All ops events fire inside the same Repo.transact/2 as the state write they correspond to — they are idempotent under webhook replay via the accrue_webhook_events unique-index short-circuit.

EventMeasurementsMetadata
[:accrue, :ops, :revenue_loss]count, amount_minor, currencysubject_type, subject_id, reason
[:accrue, :ops, :dunning_exhaustion]countsubscription_id, from_status, to_status, source (:accrue_sweeper | :stripe_native | :manual)
[:accrue, :ops, :incomplete_expired]countsubscription_id
[:accrue, :ops, :charge_failed]countcharge_id, customer_id, failure_code
[:accrue, :ops, :meter_reporting_failed]countmeter_event_id, event_name, source (:reconciler | :webhook | :sync)
[:accrue, :ops, :webhook_dlq, :dead_lettered]countevent_id, processor_event_id, type, attempt
[:accrue, :ops, :webhook_dlq, :replay]count, duration, requeued_count, skipped_countactor, filter, dry_run?
[:accrue, :ops, :webhook_dlq, :prune]dead_deleted, succeeded_deleted, durationretention_days

Every ops event also carries an automatically-merged operation_id field in metadata, sourced from Accrue.Actor.current_operation_id/0 (the same seed used for processor idempotency keys).
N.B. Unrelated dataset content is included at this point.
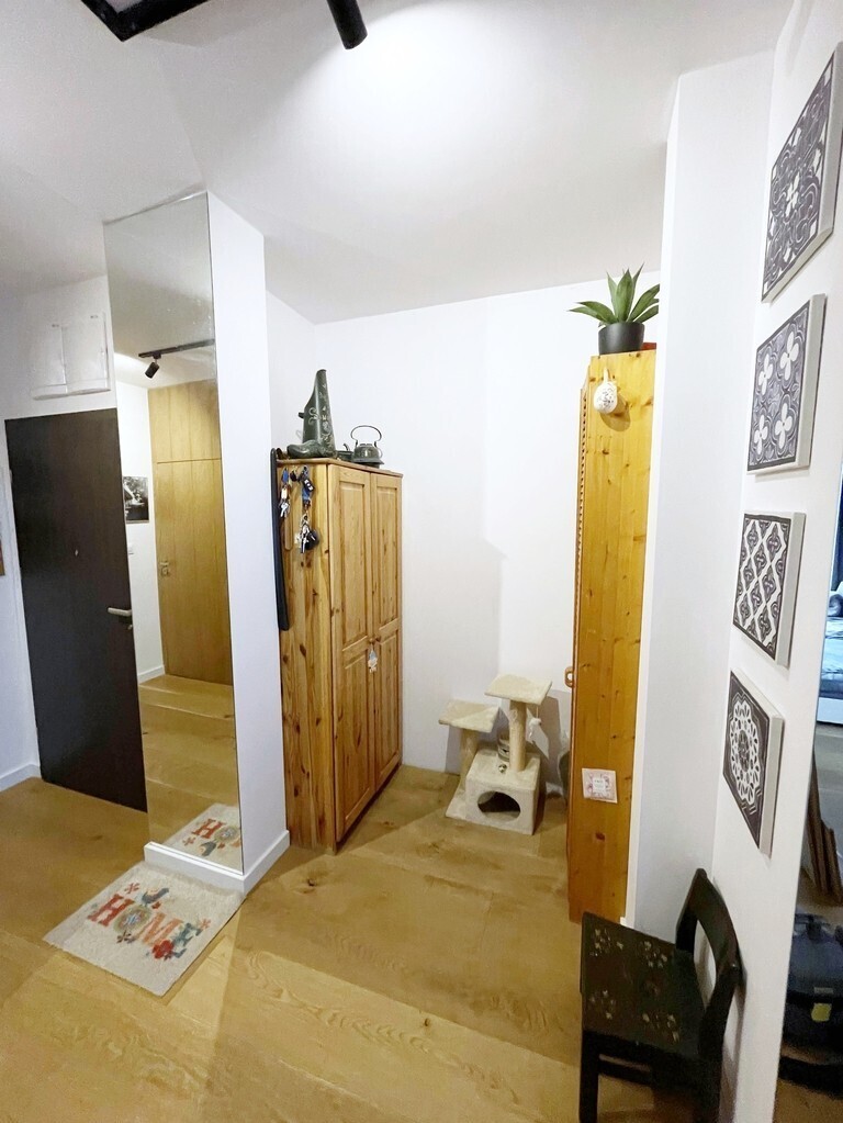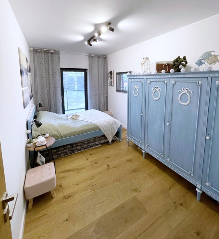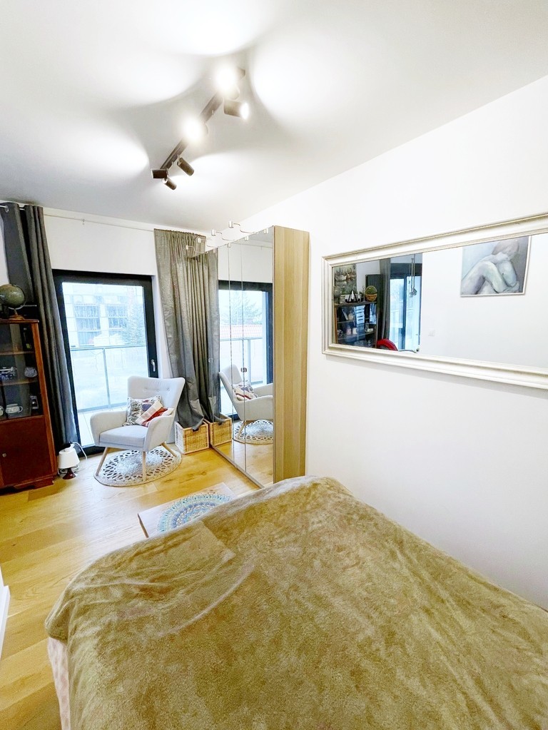 Apartament jest nowocześnie wykończony, z łazienką wyposażoną w kabinę prysznicową z odpływem liniowym wc i umywalkę oraz kompletnie wyposażonym i umeblowanym aneksem kuchennym ( meble w zabudowie, płyta kuchenna, zmywarka, lodówka) .

This lets you correlate ops events with the originating webhook, Oban job, or admin action across service boundaries.

Span naming conventions (OpenTelemetry)

Accrue's OpenTelemetry span helpers (gated on the :opentelemetry optional dep) wrap every Billing context function with consistent naming:

accrue.<domain>.<resource>.<action>

The domain layer is one of billing, events, webhooks, mail, pdf, processor, checkout, billing_portal. Concrete examples:

  • accrue.billing.subscription.create
  • accrue.billing.subscription.cancel
  • accrue.billing.invoice.finalize
  • accrue.billing.charge.refund
  • accrue.webhooks.dlq.replay
  • accrue.checkout.session.create
  • accrue.billing_portal.session.create

This mirrors the :telemetry event naming ([:accrue, :billing, :subscription, :create]) so a single name maps cleanly to both the telemetry event and the OTel span — no translation table.

Span kind:

  • INTERNAL for Accrue context functions
  • CLIENT for outbound lattice_stripe calls (the underlying HTTP layer emits these via its own instrumentation)

Attribute conventions

Accrue spans attach a small, fixed set of business-meaningful attributes. Hosts adding their own spans on top of Accrue should follow the same discipline — both for grep-ability across services and for the PII contract below.

Allowed attributes (host-queryable, audit-useful, PII-free):

  • accrue.subscription.id — Accrue's internal UUID
  • accrue.customer.id — Accrue's internal UUID
  • accrue.invoice.id
  • accrue.charge.id
  • accrue.event_type — webhook event type string (e.g. "invoice.paid")
  • accrue.processor:stripe | :fake

  • stripe.subscription.id — upstream Stripe ID (for support bridging)
  • stripe.customer.id
  • stripe.charge.id
  • stripe.invoice.id
  • stripe.payment_intent.id

PROHIBITED attributes (NEVER attach to spans, telemetry events, or metric tags):

  • Any customer email, name, phone, postal address
  • Any card PAN, CVC, expiry, fingerprint metadata
  • Any Stripe PaymentMethod raw response data
  • Any webhook raw body or signature
  • Any Accrue.Money amounts that identify a specific customer's purchase history (aggregate amounts at the metric level are fine; per-customer amounts at the span/event level are not)
  • Any free-text reason fields supplied by end users (refund notes, support tickets, etc.)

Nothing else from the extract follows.